В темноте и тишине своей гостиной, с холодным бокалом тающего льда и виски в руке, Демарко пытался найти причины ситуации, для возникновения которой никаких причин просто не было. Со стороны жизнь Хьюстона казалась благополучной и счастливой во всех отношениях. Но это была иллюзия. Иллюзия, которую Хьюстон создал и тщательно поддерживал. Человек, добрый и внимательный к своим ученикам, достигший всего того, о чем мечтали все его студенты… Красавица-жена, прекрасная семья, отутюженные рубашки и брюки, слава и финансовое благополучие, уважение и зависть… Неужели за всем этим скрывались те же темные побуждения, которые двигали героями Хьюстона? Его жизнь походила на залитую солнцем лагуну, но какие подводные течения и камни заставляли лазурную воду мерцать? Жизнь, полная борьбы и амбиций. Родители, отнятые чужой жестокостью. Ревность коллег и собратьев по перу. Давление славы, утрата анонимности. Необходимость всегда соответствовать сложившемуся о тебе мнению, оправдывать чужие ожидания, быть еще лучше, ярче, успешней, еще достойней всяческих похвал.
Так ли это было просто? Или оказалось Хьюстону не по силам? Фасад, такой же хрупкий и непрочный, как все остальные, разрушился? Хьюстон сломался? И сорвался?
«Каково это – в одночасье избавиться ото всего? – размышлял Демарко, попивая свой виски. – Счастлив ли теперь Хьюстон в своем безумии? Полностью свободный, не ведающий ни стыда, ни угрызений совести… никаких обязательств, никакого греха за собой…»
Демарко не мог себе представить такого состояния. Ни в этом мире, ни в каком ином.
При первых проблесках зари, промучившись в беспокойном сне три часа, Демарко снова потянулся за блокнотом Хьюстона. Он хотел найти в нем признаки безумия, которое могло бы все объяснить и решить его уравнение. Сержант прочитывал каждую запись вслух, надеясь различить хоть какие-то, пусть даже смутные намеки и подсказки, которые он упустил при первичном прочтении.

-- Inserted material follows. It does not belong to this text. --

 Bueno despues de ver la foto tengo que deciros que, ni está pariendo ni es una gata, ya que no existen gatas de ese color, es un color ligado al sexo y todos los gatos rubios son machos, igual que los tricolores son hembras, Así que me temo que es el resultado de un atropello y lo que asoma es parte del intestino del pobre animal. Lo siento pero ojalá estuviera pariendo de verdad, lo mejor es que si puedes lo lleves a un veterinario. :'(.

Теперь Демарко сознавал, что жизнь романиста может отражаться в его сочинениях, тонко замаскированная под чью-то чужую жизнь. Некоторые записи в блокноте Хьюстона были полным вымыслом, а другие нет. Но увидеть разницу было нелегко.

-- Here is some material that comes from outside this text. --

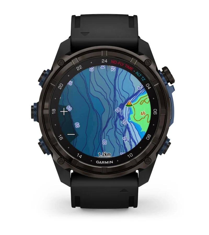 Colour maps on your wrist offer bathymetric depth contours and more than 4,000 dive sites to help you discover new places to dive and get oriented.

Если Аннабел являлась персонажем составным, вобравшим в себя черты Дэнни и Бонни, а может быть, еще и Клэр, тогда и безымянный рассказчик в романе Хьюстона тоже мог быть таким составным персонажем. С большой вероятностью в этом герое нашли отражение особенности самого писателя. Но тогда были ли его желания в действительности желаниями и переживаниями Хьюстона, вынесенными авторской волей на поверхность?
Вскоре в глаза Демарко бросились несколько записей, явно выбивавшихся из общего строя. Эх, если бы он заметил это, когда изучал имена на доске! Увы… Это произошло только теперь, при повторном изучении блокнота писателя. И внимание сержанта привлек не один, а целых три фрагмента.

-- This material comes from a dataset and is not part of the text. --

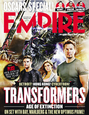 《变4》首领擎天柱新造型,与影片三位主演一同登上了著名电影杂志《帝国》封面。小新发北京时间11月26日消息,据国外媒体报道,由迈克尔·贝执导的2014年科幻巨制《变形金刚4:绝迹重生》(首次曝光汽车人首领“擎天柱”新造型,并与影片三位主演马克·沃尔伯格、妮可拉·佩尔茨、杰克·莱诺一同登上了著名电影杂志《帝国》2014年1月号封面。全新造型的擎天柱左手持盾,右手举起长剑,好似英勇的武士,后背喷发出幽兰色的烈焰,目光炯炯,摆出迎战的威武架势。新造型与几个月前在纽约动漫展上展出的一款擎天柱玩具基本一致。值得一提的是,此次的擎天柱造型与前作有较大不同,最明显的是非常醒目的红色涂装元素几乎看不到,而黑色竟成为主要色彩,使其周身显得光秃秃甚是老旧,外媒推测,这款造型也极有可能是擎天柱遭遇交火恶战后的战损形态,并不是正常状态的造型。除擎天柱新造型曝光外,一张国外影迷拍到的疑似擎天柱骑“机器恐龙”的宣传照也成为近期热议焦点。《变4》制片人洛伦佐·迪·博纳文图拉早前在采访中承认,新片将会加入新角色机器恐龙。“机器恐龙”归博派汽车人领导,共有5只恐龙,各个火力凶猛,他们可以在机器人形态与恐龙形态间变换,是对付霸天虎的利器。据悉,《变4》剧组在中国香港、北京、重庆武隆结束拍摄工作后,目前已经回到美国进行补拍与后期工作,影片中将有不少中国元素。《变4》将于2014年6月27日北美上映,中国内地或将同步上映。(美队)

Раньше Демарко читал записи, полагая, что сделаны они все были от имени протагониста Хьюстона. Но что, если эти утверждения исходили от самого автора и… отражали его темную суть? Волосы на руках Демарко ощетинились, как только он их переосмыслил:
По утверждению Набокова, в произведении всегда разрабатываются два сюжета. Первый – это сюжет истории. Но над ним, как правило, жирной чернобрюхой тучей зловеще нависает сознание писателя, которое и является истинным сюжетом всего, что он пишет. Если книга полна любви, то это потому, что писатель жаждет любви. Если книга брызжет жестокостью, то это потому, что писатель горит желанием добиться справедливости, уничтожить всех своих врагов. Сочинение таких книг для писателя становится способом выживания. Иначе его психика разрушится. И это разрушение, в зависимости от той формы, которую оно примет, может оказаться как плачевным, так и погибельным.